#### Exercise objective:
Please repeat every record below exactly as written, but leave out the pictures.

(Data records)
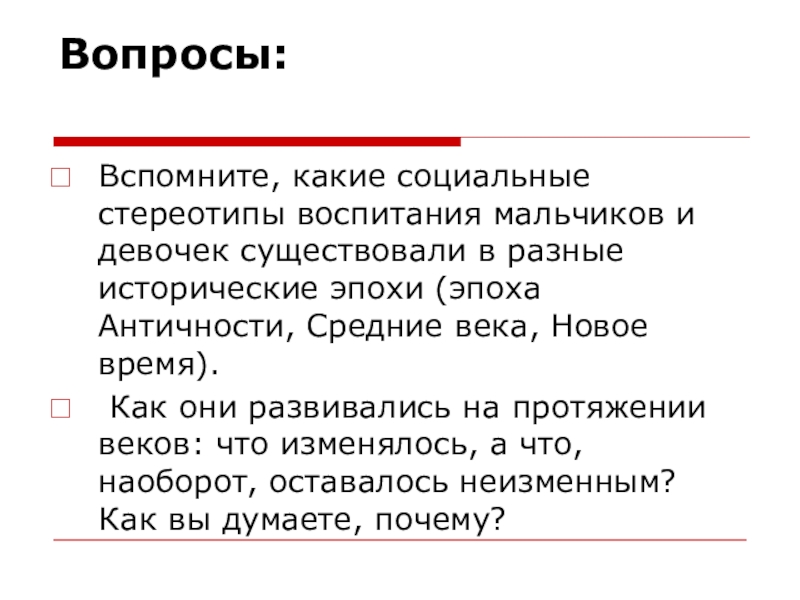 Вспомните, какие социальные стереотипы воспитания мальчиков и девочек существовали в разные
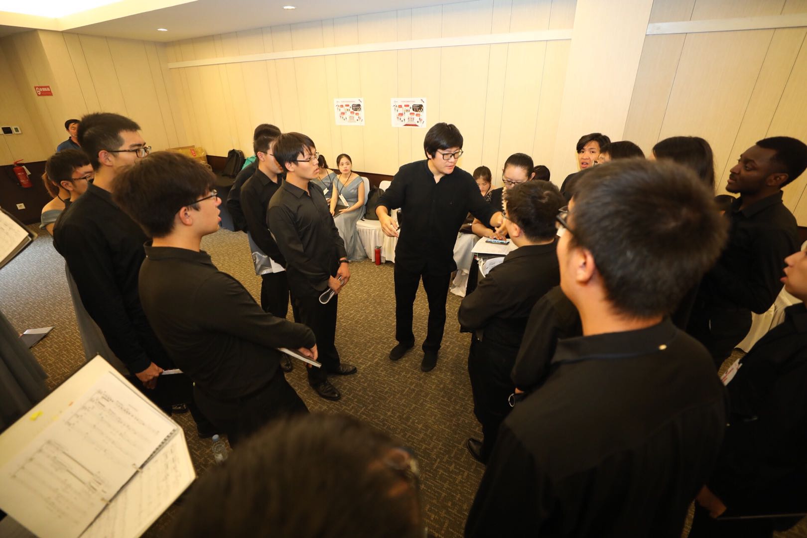 由于赛事安排紧张,合唱团只能在比赛间隙和休息时间进行高强度的排练,分析演唱中存在的问题并进行调整。温雨川和毛湧两位指挥老师采用新鲜有趣的声乐训练方法,帮助大家把握作品细节,臻求完美。
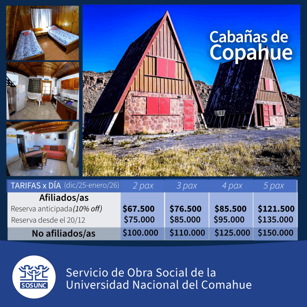 En la villa termal Copahue, SOSUNC cuenta con dos cabañas del tipo alpina sobre la calle Herrero Ducloux, a dos cuadras del Complejo de Balneoterapia. Cada una tiene capacidad para cinco pasajeros.
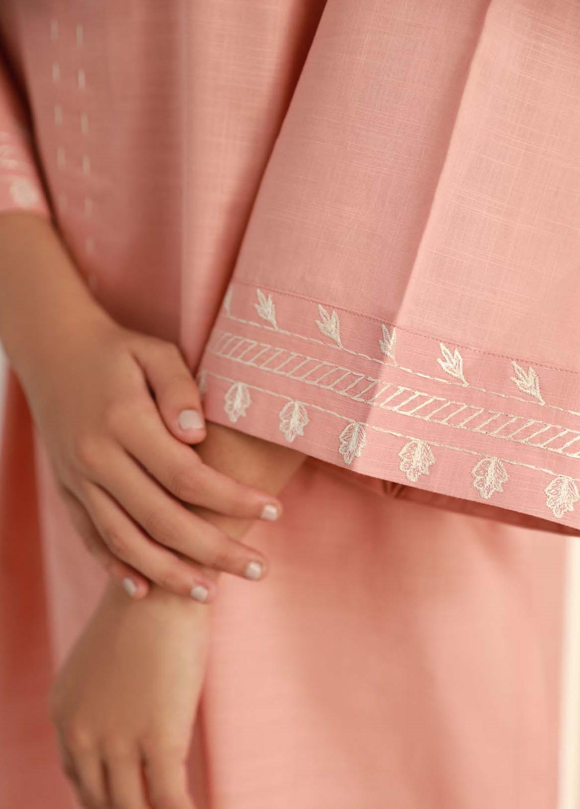 Pink Luxe is a captivating light pink colour co ord outfit Featuring stylish embroidery details along sleeves edges and embellished running stitch Paired with cuffed trousers A smart and stunning causal wardrobe choice to add to your daily wear option
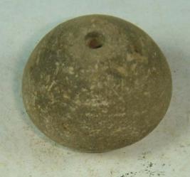 | Description / विवरण | Perforated terracotta bead with deep depression at the base, betel nut in shape having rough surface. |
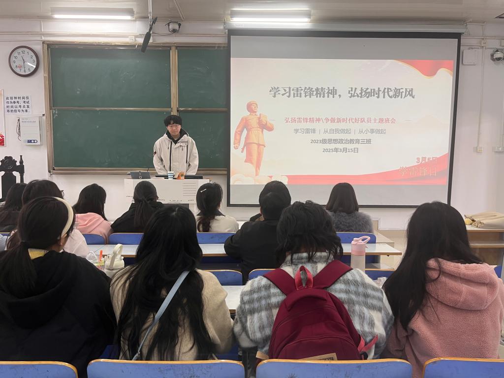 3月15日上午,金年会jinnianhuicom2023级思想政治教育三班在社科楼515召开“学习雷锋精神,弘扬时代新风”主题团课。金年会官网2023级思想政治教育三班全体同学共同参与本次团课,团课由团支书郝瀚主持。
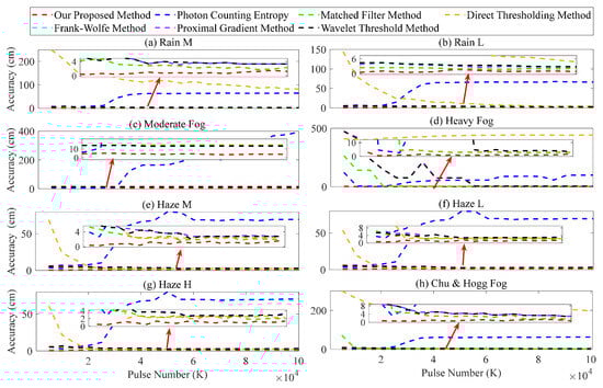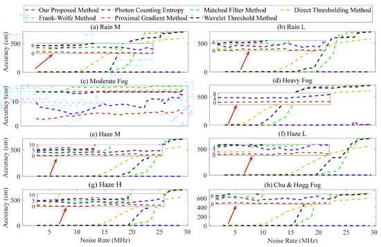 The graph illustrates the gradual increase in ranging error as the noise rate increases. The results depicted in Figure 10a,b,d–h demonstrate that for below 15 , the matched filter, direct thresholding, Frank–Wolfe, proximal gradient, and wavelet threshold methods exhibit a small error, within 10 . However, the ranging error of these methods increases significantly when exceeds 15 , reaching over 600 . The moderate fog in Figure 10c exhibits satisfactory performance across various methods, with a ranging error of less than 20 , which can be attributed to the high SNR related to a target distance of 100 . The photon counting entropy and our proposed method effectively quantify the uncertainty between the signal and noise, enabling precise determination of the signal’s position while ensuring that the ranging error remains below 15 cm, as demonstrated in Figure 10. The proposed method performs better, with an error of approximately 5 .

#### Solution for this problem:
 Вспомните, какие социальные стереотипы воспитания мальчиков и девочек существовали в разные
 由于赛事安排紧张,合唱团只能在比赛间隙和休息时间进行高强度的排练,分析演唱中存在的问题并进行调整。温雨川和毛湧两位指挥老师采用新鲜有趣的声乐训练方法,帮助大家把握作品细节,臻求完美。
 En la villa termal Copahue, SOSUNC cuenta con dos cabañas del tipo alpina sobre la calle Herrero Ducloux, a dos cuadras del Complejo de Balneoterapia. Cada una tiene capacidad para cinco pasajeros.
 Pink Luxe is a captivating light pink colour co ord outfit Featuring stylish embroidery details along sleeves edges and embellished running stitch Paired with cuffed trousers A smart and stunning causal wardrobe choice to add to your daily wear option
 | Description / विवरण | Perforated terracotta bead with deep depression at the base, betel nut in shape having rough surface. |
 3月15日上午,金年会jinnianhuicom2023级思想政治教育三班在社科楼515召开“学习雷锋精神,弘扬时代新风”主题团课。金年会官网2023级思想政治教育三班全体同学共同参与本次团课,团课由团支书郝瀚主持。
 The graph illustrates the gradual increase in ranging error as the noise rate increases. The results depicted in Figure 10a,b,d–h demonstrate that for below 15 , the matched filter, direct thresholding, Frank–Wolfe, proximal gradient, and wavelet threshold methods exhibit a small error, within 10 . However, the ranging error of these methods increases significantly when exceeds 15 , reaching over 600 . The moderate fog in Figure 10c exhibits satisfactory performance across various methods, with a ranging error of less than 20 , which can be attributed to the high SNR related to a target distance of 100 . The photon counting entropy and our proposed method effectively quantify the uncertainty between the signal and noise, enabling precise determination of the signal’s position while ensuring that the ranging error remains below 15 cm, as demonstrated in Figure 10. The proposed method performs better, with an error of approximately 5 .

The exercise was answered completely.